* _Your instructions_:
From the line with "Frukost är känd" to the line with "Pluffy pull and scarf combo", retype each line exactly as it stands in the records below, but skip the pictures.

* _Data for this task_:
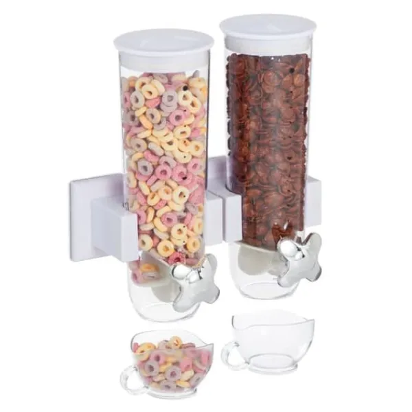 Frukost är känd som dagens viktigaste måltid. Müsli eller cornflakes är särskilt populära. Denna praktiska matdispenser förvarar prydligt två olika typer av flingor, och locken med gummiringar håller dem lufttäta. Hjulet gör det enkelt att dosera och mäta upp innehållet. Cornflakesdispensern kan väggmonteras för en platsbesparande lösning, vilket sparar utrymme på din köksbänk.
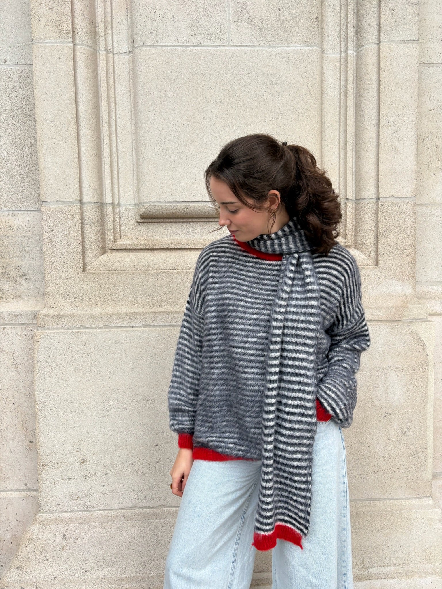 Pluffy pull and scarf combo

==

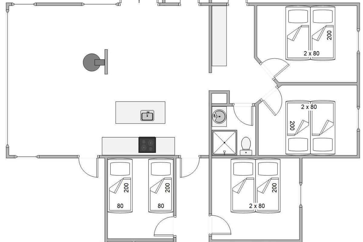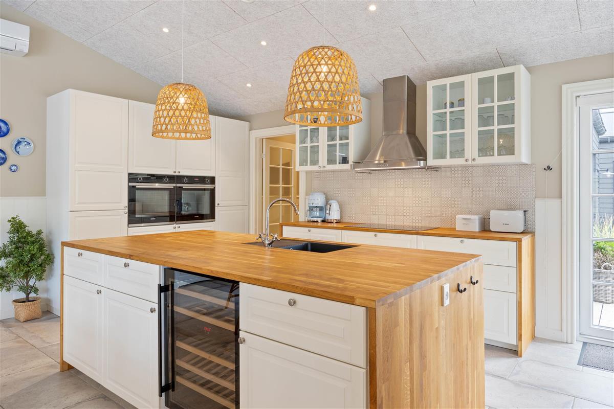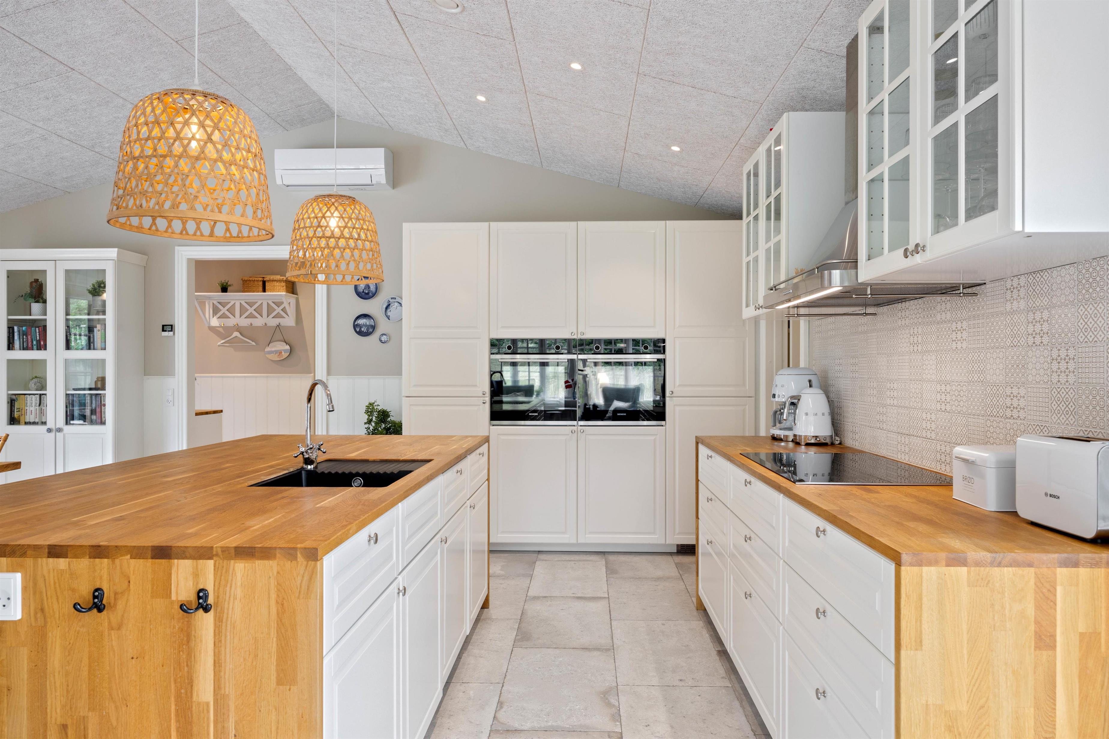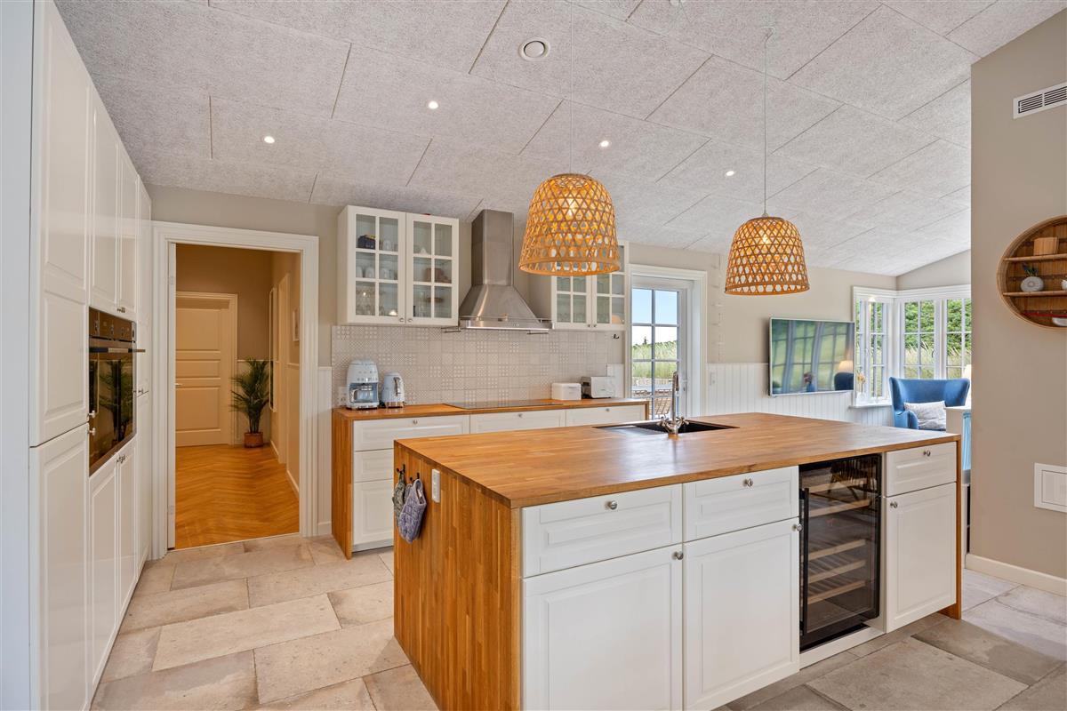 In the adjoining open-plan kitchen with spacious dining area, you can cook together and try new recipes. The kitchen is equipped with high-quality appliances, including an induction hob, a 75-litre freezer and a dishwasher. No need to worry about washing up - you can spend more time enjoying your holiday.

* _Solution_:
 Frukost är känd som dagens viktigaste måltid. Müsli eller cornflakes är särskilt populära. Denna praktiska matdispenser förvarar prydligt två olika typer av flingor, och locken med gummiringar håller dem lufttäta. Hjulet gör det enkelt att dosera och mäta upp innehållet. Cornflakesdispensern kan väggmonteras för en platsbesparande lösning, vilket sparar utrymme på din köksbänk.
 Pluffy pull and scarf combo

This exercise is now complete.